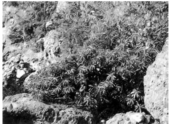
▲岩場に生息するアコウ

アコウは熱帯系のクワ科の植物で、南方の奄美、琉球方面に行くほど多くなる樹木です。南からの温かい海流が豊後水道を通過して入り、防予諸島を直撃します。周防大島町や柳井市平郡島・掛津島、上関町の島々などには熱帯系の植物が見られます。アコウはその代表的なもので、小水無瀬島、大水無瀬島で最初に、のちに祝島、掛津島で発見されました。小水無瀬島と大水無瀬島は昭和41年6月10日、山口県の天然記念物に指定されました。
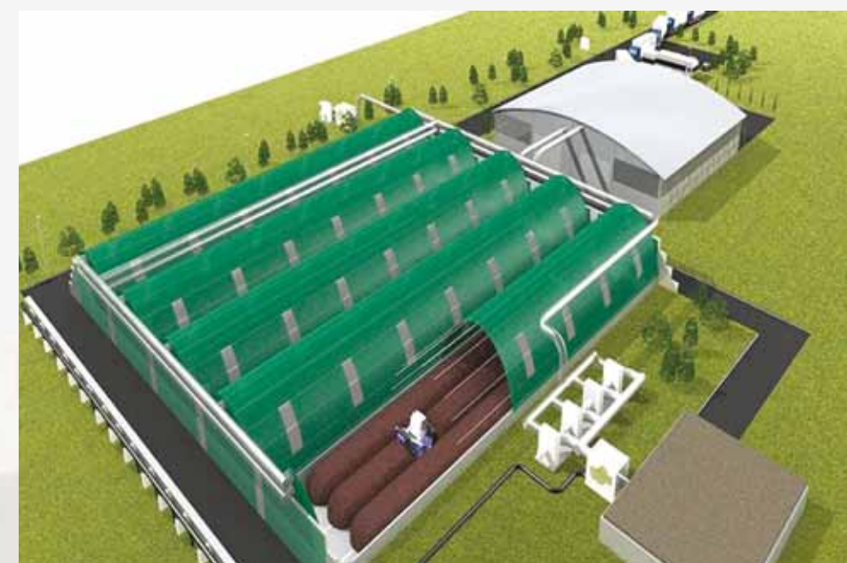
Proiectul „Sistem de management integrat al deșeurilor în județul Maramureș” este în faza de execuție fizică a lucrărilor. Contractul de Finanțare a Proiectului a fost semnat în data de 10 februarie 2014, între Ministerul Mediului și Schimbărilor Climatice, în calitate de Autoritate de Management pentru Programul Operațional Sectorial „Mediu” și Consiliul Județean Maramureș, în calitate de Beneficiar

S-au început lucrările la construirea a cinci puncte de colectare a deșeurilor voluminoase la Baia Mare, Seini, Borșa, Șomcuta Mare, Vișeu de Sus și în cel mai scurt timp vor începe lucrările și la închiderea în sit a depozitelor de deșeuri neconforme urbane la Vișeu de Sus, Teplîța-Sighetu Marmăției și Satu Nou-Baia Mare, respectiv proiectare și execuție pentru trei relocări la Seini, Târgu Lăpuș, Ariniș-Borșa.
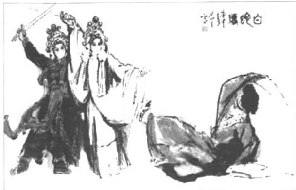
■ 《白蛇传·断桥》(董辰生绘)

原先京昆本的《断桥》，比较强调白娘子当时对许仙的怨恨：“追思此事真堪恨，不觉心儿气难伸……你缘何屡屡起狠心。哎呀，害得我几丧残生，进
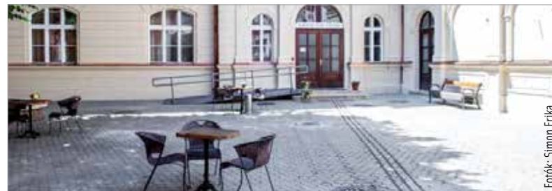
A belső udvarban majdnem teljesen levették a vakolatot, hogy biztosítsák a kiszáradást

tus kapu nagyon nehéz, így visszahelyezéséhez nyolc- tíz ember összehangolt munkájára volt szükség. Harmadik, egyben utolsó fázisként felújítják az épület Mátyás király körút felőli részét, melyet már fel is állványoztak. A hátsó homlokzat falai ki vannak téve az erős napfénynek, az esőnek egyaránt, így bőven lesz mit renoválni. Emellett időtálló módon javítani kell a négy teraszajtó külső burkolatát, és meg kell oldani a négy hatalmas ablakportál nyithatóságát is, hogy a jövőben biztosítani tudják az épület szellőzését.
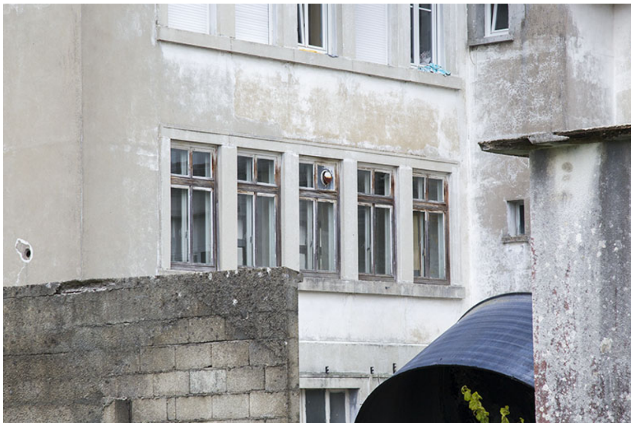
Façade postérieure : fenêtres multiples, vues de trois quarts.
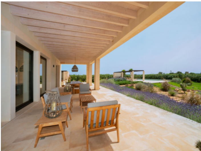
Terrasse mit Blick über den mediterranen Garten und Pool
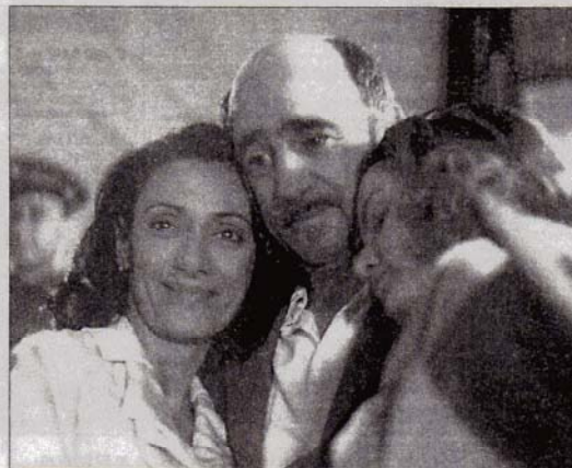
La familia. La madre, el padre y la hermana del niño.
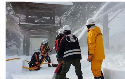
(伊南地域の古町「照国寺」で放水訓練する消防団員たち)

町の大切な財産である文化財を火災から守るため、日ごろから防火への意識を持つとともにご協力をお願いします。
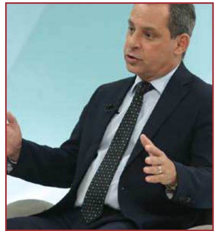
Coelho não resistiu dois meses na estatal
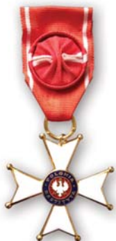
Krzyż Oficerski Orderu Odrodzenia Polski

Odznaczona pośmiertnie Krzyżem Oficerskim Orderu Odrodzenia Polski (2009) oraz Krzyżem Wolności i Solidarności (2010).
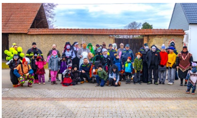
Ostatky – hasiči Žatčany
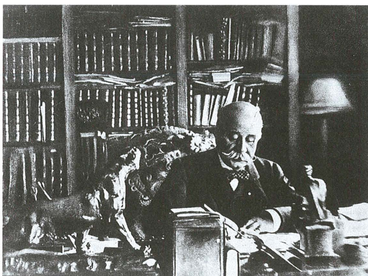
Portrait photographique d'Alexandre Lacassagne à la fin de sa carrière, assis à sa table de travail.

– "La justice flétrit, la prison corrompt et la société à les criminels qu'elle mérite." 1
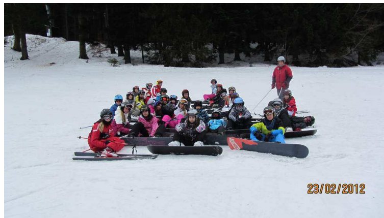
Lyžařský a snowboardový kurz

Účastnili jsme se se svými prezentacemi výstavy k výročí založení české školy v Modřicích.
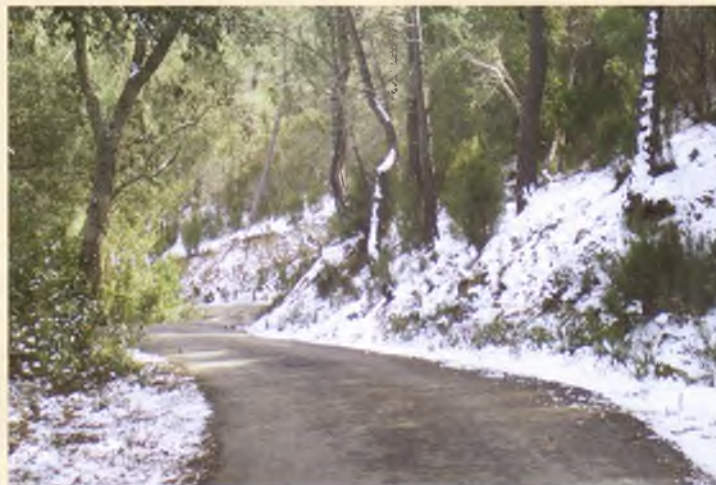
La nevada del febrer del 2005 va deixar emblanquinats carrers i accessos, com la carretera de Pedralta
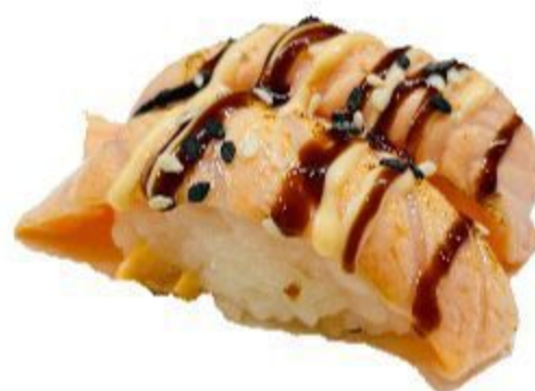
67 NIGIRI SALMONE SCOTTATO (Riso,salmone,sesamo) 2PZ 3,50 EURO

------------------------------------

Task to carry out: Your answer should consist of each line of the data above in which the word "execuție" occurs.

Finished exercise:
Proiectul „Sistem de management integrat al deșeurilor în județul Maramureș” este în faza de execuție fizică a lucrărilor. Contractul de Finanțare a Proiectului a fost semnat în data de 10 februarie 2014, între Ministerul Mediului și Schimbărilor Climatice, în calitate de Autoritate de Management pentru Programul Operațional Sectorial „Mediu” și Consiliul Județean Maramureș, în calitate de Beneficiar
S-au început lucrările la construirea a cinci puncte de colectare a deșeurilor voluminoase la Baia Mare, Seini, Borșa, Șomcuta Mare, Vișeu de Sus și în cel mai scurt timp vor începe lucrările și la închiderea în sit a depozitelor de deșeuri neconforme urbane la Vișeu de Sus, Teplîța-Sighetu Marmăției și Satu Nou-Baia Mare, respectiv proiectare și execuție pentru trei relocări la Seini, Târgu Lăpuș, Ariniș-Borșa.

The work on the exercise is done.